Medical practices are using face shields and other PPE, or personal protective equipment, more frequently, Schwimmer noted, and screening patients aggressively for signs of COVID-19. There are also new protocols for scheduling patients and moving them through the office, with waiting rooms at limited capacity or people encouraged to wait in the car for their appointment, she said.

Lightfoot said clinicians must also continue the work they’ve done to educate the public about the risks related to this virus, how it can spread quickly and why things like handwashing, distancing and isolation are important. While she’s hopeful that a second surge of COVID-19 won’t coincide with the flu season, which generally peaks in December or January, she encouraged people to get a flu shot to protect against one of the threats.

“America has done pretty well (isolating in recent months), but now that it’s summertime I’m a little nervous,” Lightfoot said, noting that at least one in three people infected with the virus are likely to show no symptoms. “You have to respect the microbe.”

But even when reopening is done right and limited to those with low risk of infection, the system is far from foolproof, experts note. “There is no precision to the level that we would love. There’s lots of data and plenty of algorithms,” Ostrowsky said. “But the bottom line is we’re talking about human beings; we’re talking about pathogens; we’re talking about environments and you can’t always get it 100% correct.”

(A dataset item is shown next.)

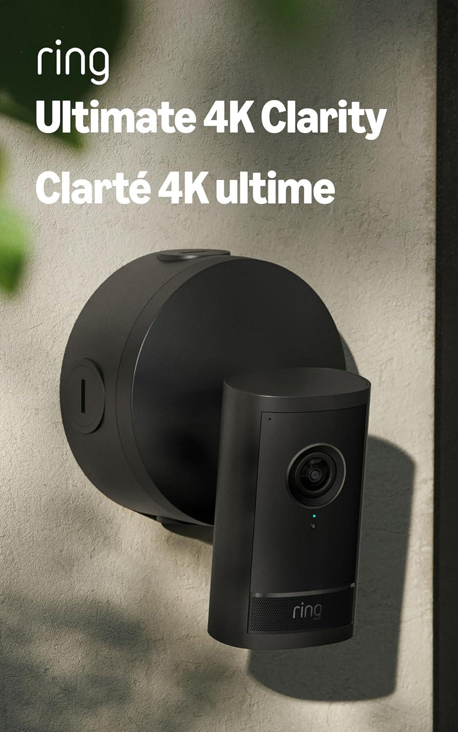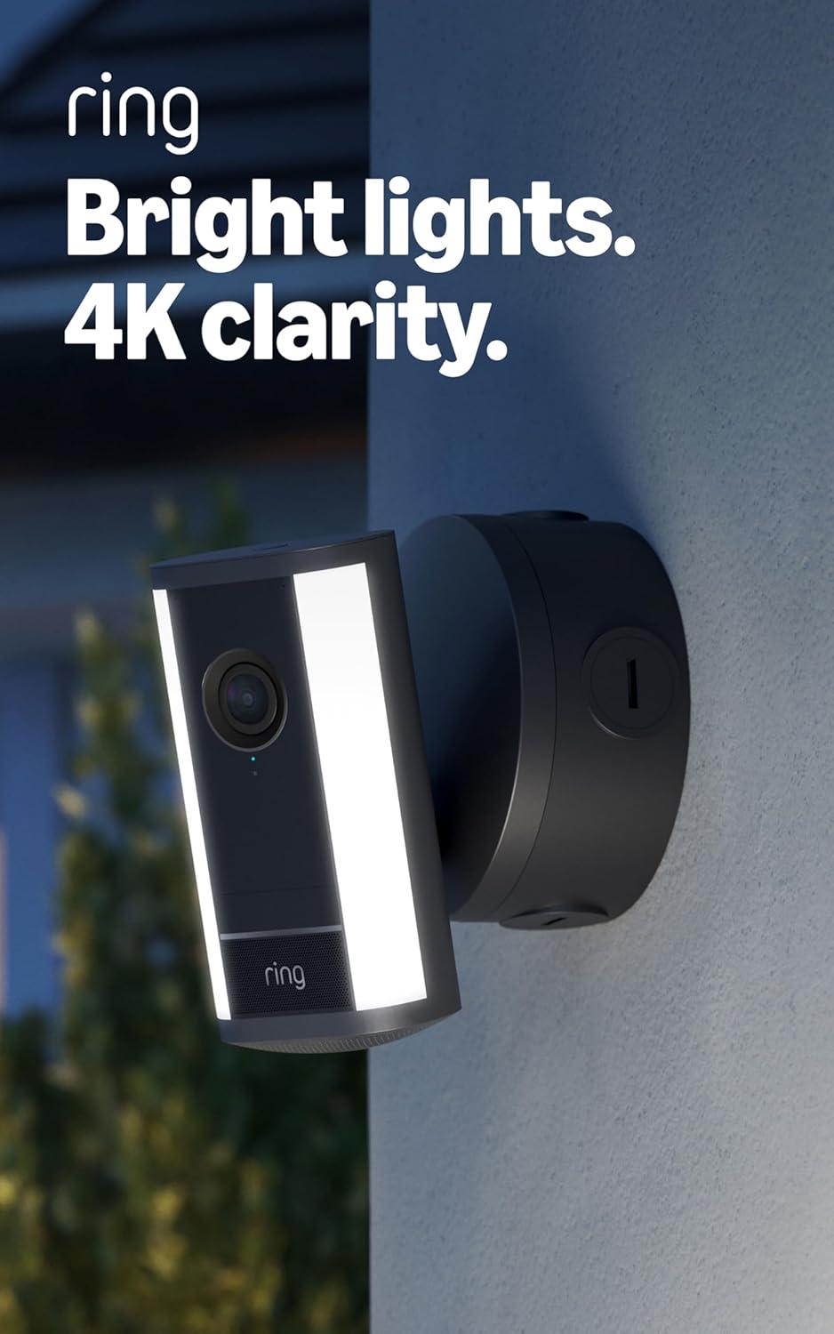 Ring Spotlight Cam Pro, Power over Ethernet (Newest Model) — Retinal 4K with wide-angle video, 10x Enhanced Zoom, and 600 Lumen Spotlights, Black(Black)

Coordination is key, for providers and policymakers

The surge of COVID-19 patients earlier this year prompted unusual collaboration among hospital systems that traditionally compete; facilities in Bergen County — home of a half-dozen acute-care sites — held daily calls to coordinate resources and plans.

Ostrowsky said this worked well, but there is room for improvement. “Left to the individual (hospital) systems I think everyone did a wonderful job,” he said. “I think the other side of the coin is, if the system was truly seamless, if you had an organized approach to the delivery of health care from the top to bottom of the state, or even regionally, then you would be in a better position to respond” to a crisis like this.

Schwimmer said better coordination would benefit state government too. The Murphy administration has been criticized for how it has responded to some aspects of the pandemic, like the high rate of deaths in nursing homes and delays in efforts to protect prisoners.

“Health care is an issue that cuts across many agencies in government,” Schwimmer said. A single high-level official in the governor’s office, who could coordinate the work of multiple “siloed” departments would likely help, she said, highlighting a concept that she and other experts have long urged Murphy to consider.

For staffing and supply chains, flexibility matters

New Jersey is already plagued by a shortage of nurses and other clinicians, so maintaining a full workforce was a real challenge for hospitals during the pandemic, especially as frontline workers got sick. Ostrowsky called the efforts of these caregivers “heroic and unbelievable” and praised the way they worked together, often in newly formed teams with clinicians who might be practicing outside the typical scope of their license as a result of regulatory waivers.

“That in and of itself is a very significant lesson and one that will be with us for a long time,” he said of this flexibility, something he hopes is possible in non-emergency times too.

When it came to resources, the lack of personal protective equipment, or PPE — the masks, shields and gowns needed to help protect staff from infection — was especially urgent. Ostrowsky said RWJBarnabas and other systems previously relied on “just-in-time” inventory, in which supplies might be delivered multiple times a day, but that process fell apart when the supply chain of PPE, much of it manufactured in China, ground to a halt.

“That may be what they teach in business school, but it was not effective when you are stressed the way we were stressed,” he said.

As a result, RWJBarnabas and other major systems are now building up 90-day supplies of PPE and other key resources, Ostrowsky said, so they will be ready “when the second surge hits and perhaps multiple surges. There are certainly multiple pathogens that will come our way in the future and we need to have that kind of stockpile to react well.”